Okay, here is an outline for this type of tracking. Some of this you may already have, some of it will need to be developed:

Create a table in SQL Server that tracks logins and logouts. The table should have columns for a 20-byte hash, an original login datetime column, a timestamp or datetime column for "last hit", and a bit for tracking whether the row is a login or a logout message. Optionally, the table can perform double duty as a web page access and troubleshooting log. The columns can be expanded to include a username, a varchar for a function/method name, a web page name, timestamp, etc...

Use forms authentication on your web site.

Create a new class that implements IPrincipal and IIdentity that contains a property that is a hash of the username, password, and timestamp.

In the global.asax.vb, after authenticating the user, generate the hash and insert a new row in your LOGIN table. The hash is the primary key (or candidate key if you must have an int identity column as the PK).

Subclass the Page class and add a readonly property called "LoginKey" that will hold the hashed value. Back the property with session or viewstate. In my framework, this same class is also used to check authentication and authorization every time the page loads, but this is optional.

Pass the login key to every call to the Data layer. Every function/method in the data layer first checks with the LOGIN table to make sure that the user is logged in (a "login" message matching the loginkey exists and a corresponding "logout" message does not).
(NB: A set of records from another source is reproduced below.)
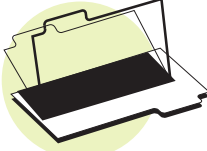
Fólderes para archivar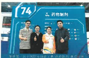
第74届“全国职业院校技能大赛”药品调剂赛项一等奖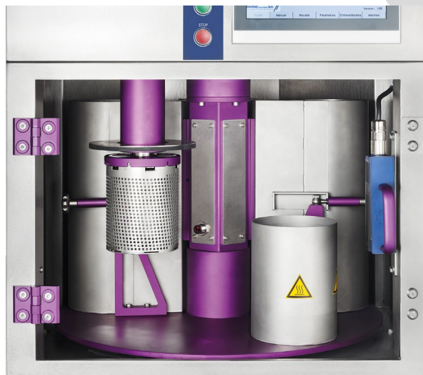
Fig. 4: Vue intérieure de la Cleana S.

En parallèle au développement et à la fabrication des machines Horiane et Cleana, Patric concept est sollicitée pour des développements spécifiques de solutions de lavage.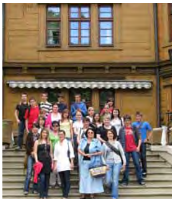
Przed pałacem w Antoninie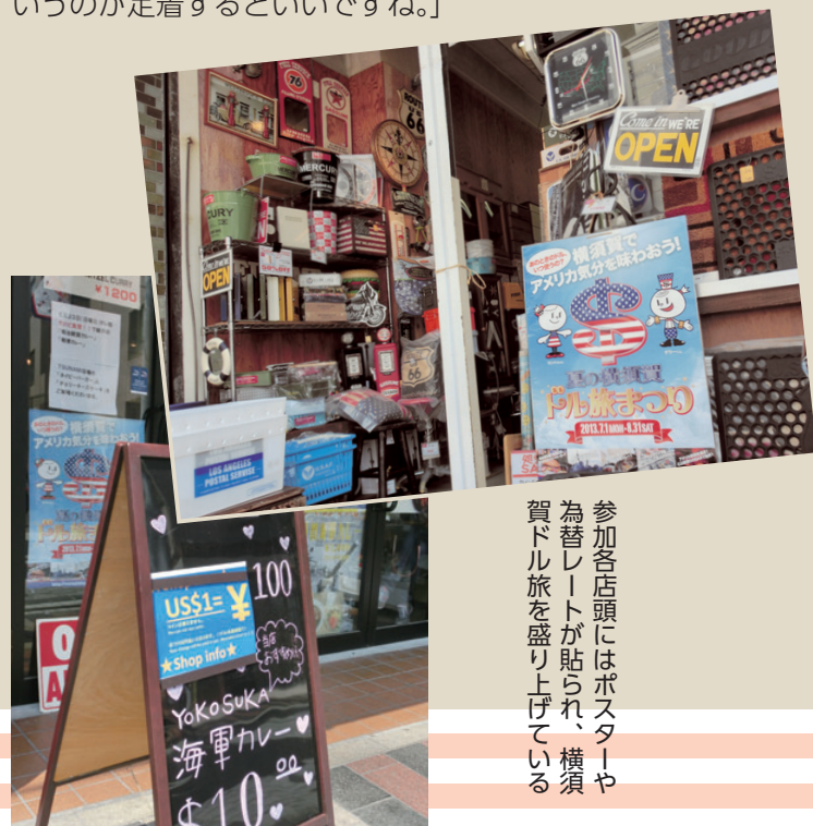
参加各店頭にはポスターや為替レートが貼られ、横須賀ドル旅を盛り上げている

個々の店舗では、宣伝すらも難しいですが、街全体でやれば盛り上がります。まずは、1回で終わらずに2回3回と続けて、横須賀はドルで買い物ができるというのが定着するといいですね。」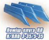
Леміш плуга ПП Н/ПЛВ 3-35/5-35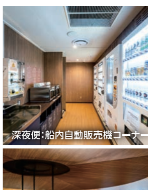
深夜便:船内自動販売機コーナー

夕食朝食共にバイキング形式にてご提供しています。北海道や茨城県の食材を活かしたお料理を取り揃え、季節ごとのメニューもご用意しております。※メニューや提供方法は予告なく変更になる場合がございます。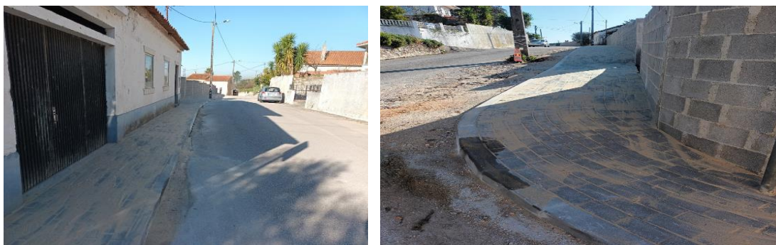
Figura 10 - Alargamento de diversos arruamentos, Regueira de Pontes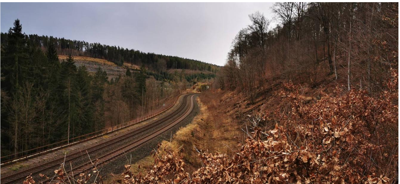
Schiefe Ebene (Eisenbahnsteilstrecke zwischen Franken und Böhmen)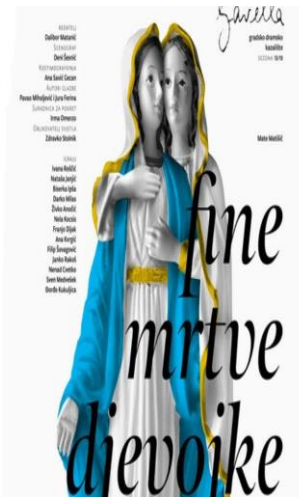
Slika 2: Kompromitirajući plakat predstavljen za predstavu „Fine mrtve djevojke“

Iza susretljivosti i ljubaznosti sustanara Ive i Marije, sakrivaju se mračne strane i motivi koji na vidjelo izlaze u trenutku kada susjedi saznaju kakav odnos Iva i Marija gaje jedna prema drugoj. U otkrivanju tajne koju su Iva i Marija krile se zapravo otkrivaju karakteristike ostalih likova filma. Da se tajna nije otkrila, ostali stanovnici tog kvarta živjeli bi uobičajenim životom. Otkrivanjem seksualne orijentacije svojih sustanara, otkriva se mračna strana Hrvatske realnosti. Naime, Matanić je na primjeru filma „Fine mrtve djevojke“ pokazao koliko je društvo netolerantno i puno mržnje, spremno ići do mjere ubojstva koje se na kraju filma i dešava u slučaju Marije koju sustanari bace po stepenicama, te ona umire. Prikaz realnosti hrvatskog društva, ne prikazuje se samo u filmu već i putem reakcija na film i kazališnu predstavu, a posebice plakat postavljen za potrebe predstavljanja predstave u kazalištu Gavella. Dizajner plakata bio je Vanja Cuculić, autor brojnih plakata i stalni suradnik kazališta Gavella, umjetnik uvršten na listu 115 najznačajnijih suvremenih hrvatskih umjetnika koju je objavio internetski portal engleskog vodiča Time Out Croatia. 14

As the table is being checked, update the "last hit" column.

If the login row does not exist or if the user is already logged out, throw an exception.

You custom Page class will trap the exception and redirect to the login page.

Create a SQL Server job that runs every 2-3 minutes. This job will go through the login table and insert logout rows when it finds a "last hit" that is older than whatever your chosen timeout is. At the same time, you can delete or archive old rows.

That's it, in a nutshell. There are some other details that I have left out for brevity's sake. But you will encounter them as you put this stuff together.

Good luck,

Keith

>Hi,
>
>Thank a lot for your advise.
>Yes, I am tracking user logins and license usage of my web-based application.
>What is the best way or reliable way to solve this issue. Please advise.
>
>
>>There really isn't any reliable way to do this. Keith's example works if you close the window, but what about scenarios where the user navigates our of your application to another page? This can be a problem if you are trying to track user logins and manage license usage of a web-based application. You have to have a plan B :)
>>
>>Regards,
>>Carl.
>>
>>>>Hi,
>>>>
>>>>I like to know how can my web based application on ASP.NET able to
>>>>track web user timeout and when user click the 'x' button on the
>>>>top right of the webpage ?
>>>>
>>>>I am using SQL Server 2000 SP4.
>>>>
>>>>Anyone got any suggestion or ways to do it.
>>>>Do I need to use Javascript on this area ?
>>>>
>>>>Thank you
>>>
>>>There is a way to determine that IE is being closed in JavaScript.
>>>
>>>

function onClose()
>>>{
>>>   if(window.screenTop>10000)
>>>      {
>>>         alert("window.onClose works!")
>>>      }
>>>}
>>>window.onunload=onClose

>>>
>>>Timeout is set in machine.config and for each application in the web.config. I'm not aware of any events that fire when a session times out.